The US Dollar showed up with a surprising spate of strength in Q1 of this year, coming on the heels of a bleeding downtrend that dominated the currency’s final 8 months of 2020 trade.
But after going deep into oversold territory and as the DXY had formed into a falling wedge, often approached with the aim of bullish reversals, the stage was set for a Q1 counter-trend theme of US Dollar strength, and that scenario ran very visibly into the end of the quarter. At this point, the US Dollar has set a fresh four-month-high on the final day of Q1, after which sellers have started to push for a consistent move lower.
This goes in the direction of the bigger picture trend, the same that held strong through last year; but it also flies directly against the strength that was on full display in Q1.
US Dollar Daily Price Chart
Taking a step back to look at that bigger picture – and this puts that Q1 rally into scope. Price action in the USD did test above the 23.6% Fibonacci retracement of last year’s sell-off, but it wasn’t for long. And sellers have already pushed back below this key spot on the chart, keeping the door open for a return of the longer-term bearish trend.
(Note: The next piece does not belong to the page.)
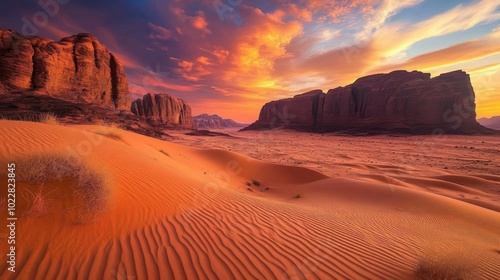 © Ali, Naklejka premium Red sand dunes under dramatic sunset sky.

US Dollar Weekly Price Chart
Chart prepared by James Stanley; USD, DXY on Tradingview
EUR/USD Bounce from Fibo Support
The US Dollar and DXY are highly sensitive to the Euro as the single currency makes up more than 57% of the allocation into DXY. So, suffice it to say, the US Dollar will often have a hard time going anywhere with at least some help from the Euro.
In this specific case, that premise seems as important as ever – as a re-emergence of USD-weakness will also likely need some Euro strength, and the EU isn’t exactly in a strong spot at the moment with lockdowns, Covid and a slower economic comeback than what’s being seen elsewhere.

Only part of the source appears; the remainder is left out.